DogPhone Will Let Dog Use Phone

DogPhone Will Let Dog Use Phone

So far, 2021 has been a banner year for nonsense words. The metaverse — more of a concept than an actual entity at this point — was embraced as the central initiative of Facebook Meta; NFTs, which are quite literally intangible assets, have taken on a life of their own, and now, DogPhone is here to be exactly what it sounds like: a phone for dogs.

Developed by Dr Ilyena Hirskyj-Douglas, a researcher at the University of Glasgow in Scotland, and Zack, her 10-year-old labrador, the DogPhone itself is comprised a small ball equipped with a sensor and connected to a laptop. When a dog moves the ball, the “phone” initiates a video call to the dog’s owner (moving the ball also works to answer an incoming call, if the dog is so inclined).

While there are a ton of new smart home gadgets designed to give humans more control over their environments and insight into what’s going on with their pets while they’re home alone, far less attention gets paid to giving the actual animals themselves any agency in how they interact with technology.

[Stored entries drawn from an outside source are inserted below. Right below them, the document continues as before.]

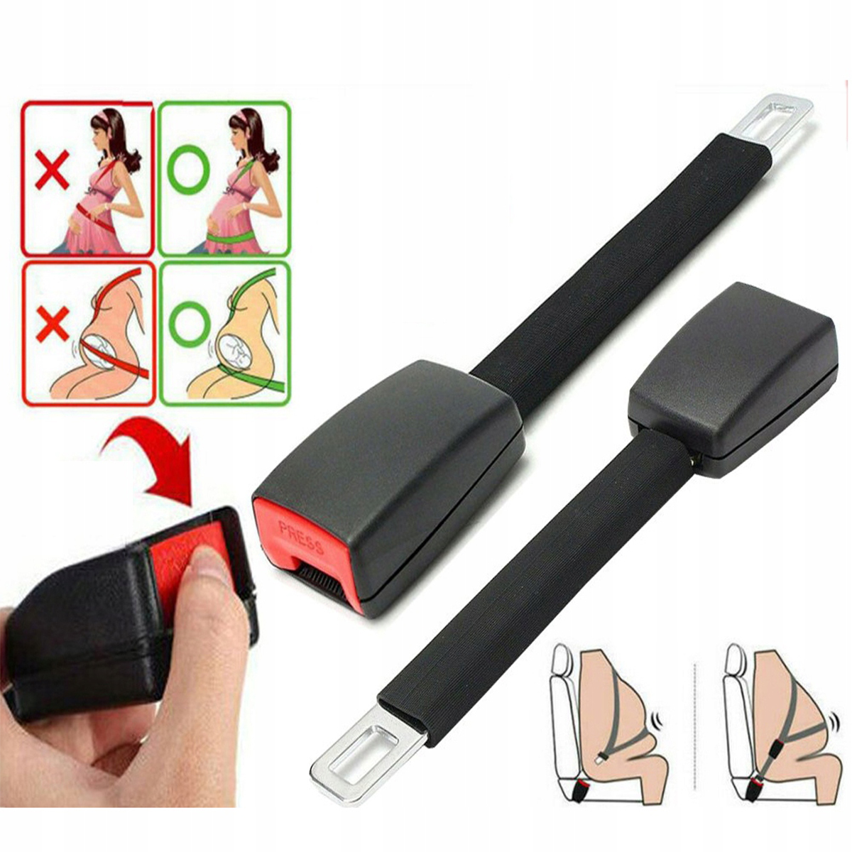 ✅Rozwiązuje problem zbyt krótkich pasów bezpieczeństwa w samochodzie u kobiet w ciąży i osób z nadwagą.
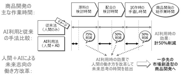 また、これまで初回の商品開発にかかる総時間のうち、原料や配合の検討に多くの時間を要していましたが、「N-Wing★」をテスト運用した結果、従来と比較して、原料検討時間は約75%削減、配合検討時間は約50%削減できることが確認できました。加えて「N-Wing★」の本格実装後、AIによる高精度なレシピ予測により試作時の手直し時間も約50%削減され、商品開発にかかる総時間が約50%削減される効果が期待できます。開発担当者は、これにより捻出された時間を新規原料・技術情報の探索や試験開発など、新たな活動に振り向け、一歩先をいく市場創造型の新商品開発に取り組むことができます。
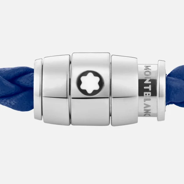 قطعة المجوهرات، المنسوجة من الجلد الأزرق، تحتوي على مشبك مصنوع من الفولاذ المقاوم للصدأ المصقول مع حلقة واحدة من الفولاذ تحمل شعار مونت بلانك.
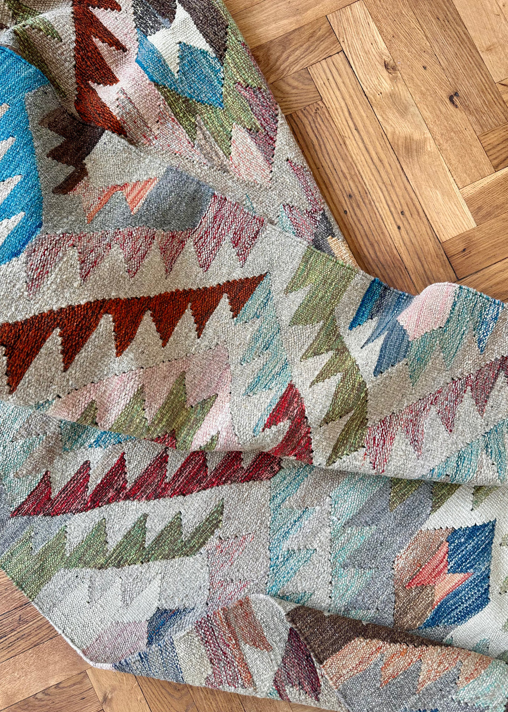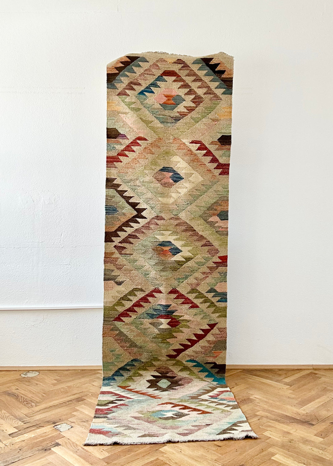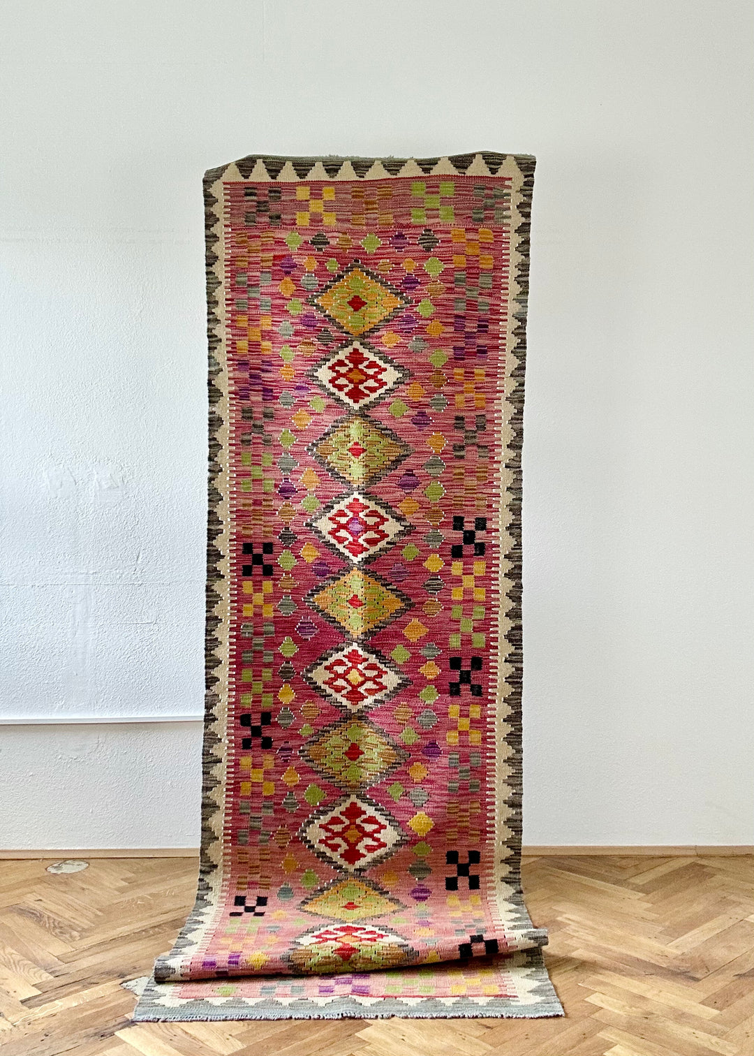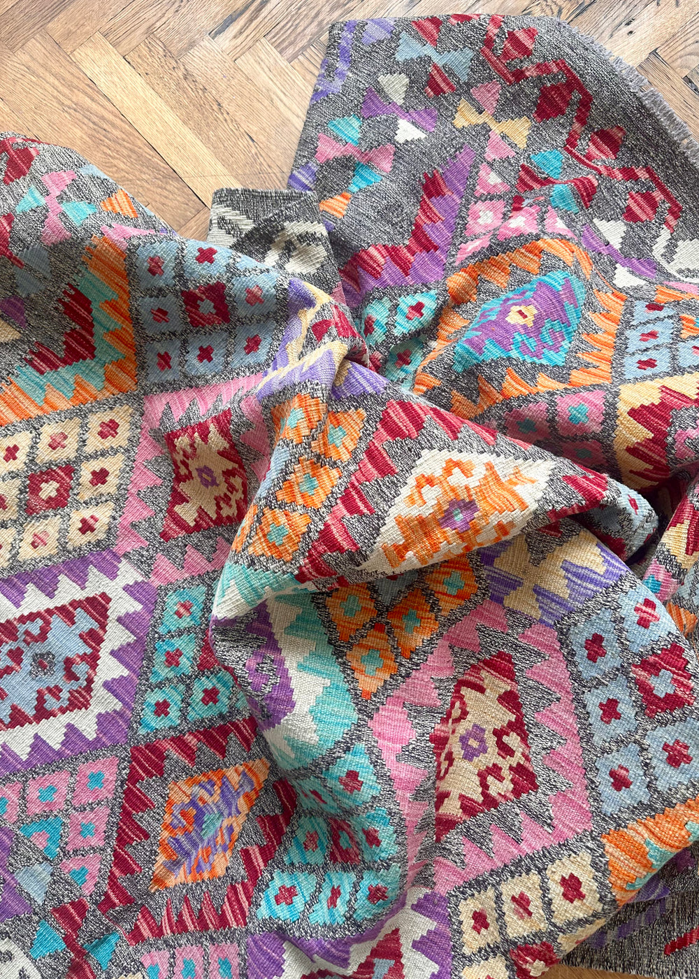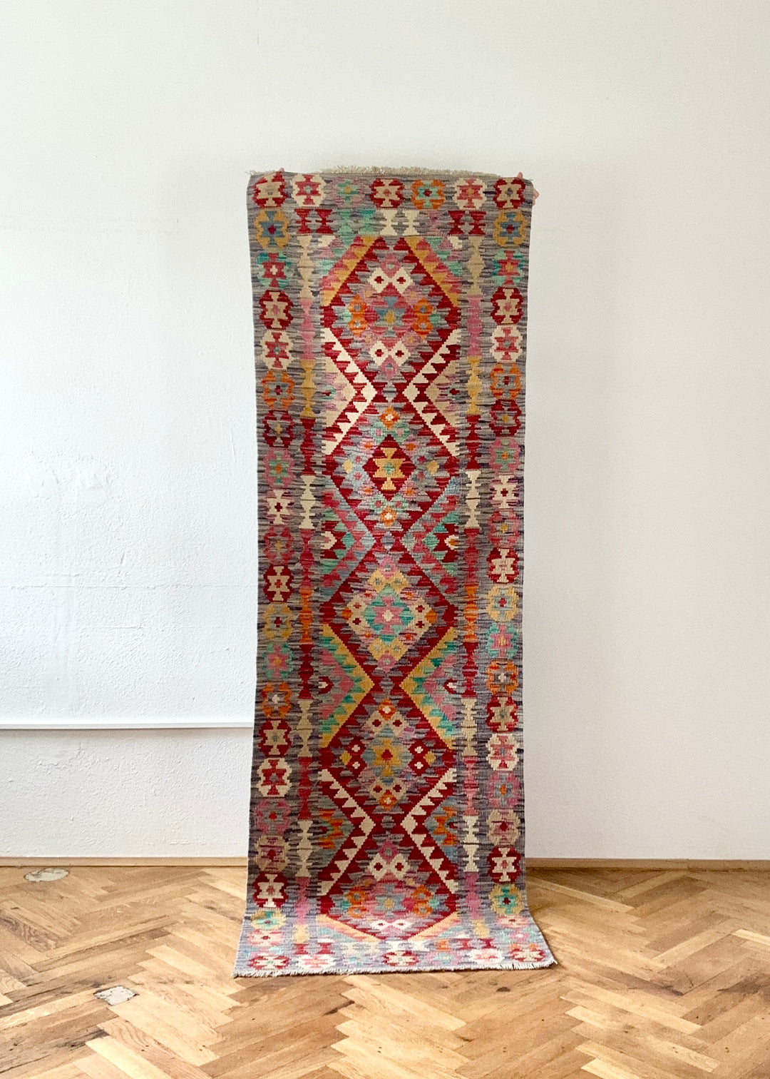 Las alfombras Kilim o Kilim están experimentando actualmente un gran regreso. La versatilidad y combinabilidad de los kilims con los estilos de vida modernos garantizan que este tipo de alfombra atraiga a muchos gustos. Algunas de las alfombras kilim son muy coloridas y varían en color desde rojo, naranja, marrón, azul, verde o turquesa. Otras alfombras de estilo kilim son más discretas en negro, gris, marrón o beige. Los kilims combinan patrones y materiales clásicos con muebles modernos. Este tipo de alfombra es atemporal y moderna. El kilim tiene una larga tradición en Oriente y originalmente fue fabricado para el uso personal de los nómadas. De este modo, cada uno de nuestros kilims transporta una pieza de artesanía tradicional a través de Berlín directamente a un nuevo hogar. Una alfombra kilim puede transformar una habitación. Un kilim se puede utilizar como elemento de diseño en relación con la arquitectura u otro diseño de interiores. Un juego de forma y color, que ofrece puntos de contacto de diseño en muchos aspectos, caracteriza las alfombras Kelim. Mientras que los patrones geométricos en un kilim, por ejemplo, pueden retomar elementos de construcción modernos, una alfombra de color mar de turquesa y naranja puede crear acentos maravillosos entre el hormigón expuesto en gris. La artesanía era y es moderna y encuentra una expresión tradicional en un kilim de The Knots de Berlín, la combinación de vintage y futuro. Con un kilim, cualquier salón, ya sea en Berlín o en cualquier otro lugar, se puede transformar en un pequeño oasis de Oriente.
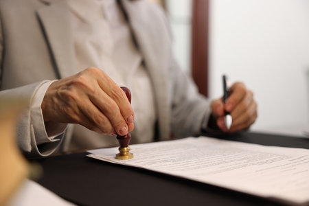 Closeup view of a beautifully embossed memorandum lying on the table illuminated by soft ambient lighting. A pair of hands adorned with an elegant watch gently presses a seal onto th
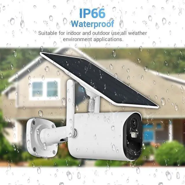 IP66 Waterproof & Easy DIY InstallationBuilt to withstand all weather conditions! With an IP66 weatherproof rating, this solar camera is resistant to rain, snow, dust, and extreme temperatures (-4°F to 140°F), ensuring reliable performance year-round. The adjustable mounting bracket and included hardware allow for quick and easy DIY installation in minutes, no professional tools required. Connect to your 2.4GHz WiFi network and start monitoring your home in no time!

The DogPhone — which isn’t intended for commercial use or distribution — was invented as a way to study the way dogs experience technology and to innovate around their ease-of-use.

In prototyping the device, Hirskyj-Douglas says in a YouTube video that she sought to improve and study the user experience for dogs, particularly given how many of them were placed in new homes during the 2020 covid-19 lockdown that saw everyone and their mother getting a pet.

“I’ve been building devices for my dog and many other dogs for quite a while now,” Hirskyj-Douglas says in the video. “I think a lot of these devices are really important to give dogs choices or options to do things for enrichment reasons.”

While Hirskyj-Douglas says it was “very exciting” to receive video calls from Zack initially, eventually he burned her by not wanting to talk all the time — which inevitably led to her feeling anxious that something was wrong at home on the days when he wouldn’t call at a regularly scheduled time.

“It became a bit more anxious for me near the end because sometimes I wouldn’t get a video call or he wouldn’t ring me through the day, and I would be thinking, ‘Oh, he usually rings me at this time,’” she said.

Do dogs understand what they’re doing when they place a video call? Do they even experience a high-level desire to “check in” on their humans when they’re not around, or are they content enough to just hang out with us when we’re there in person? Do they prefer iOS or Android? For now, DogPhone asks a lot more questions than it answers.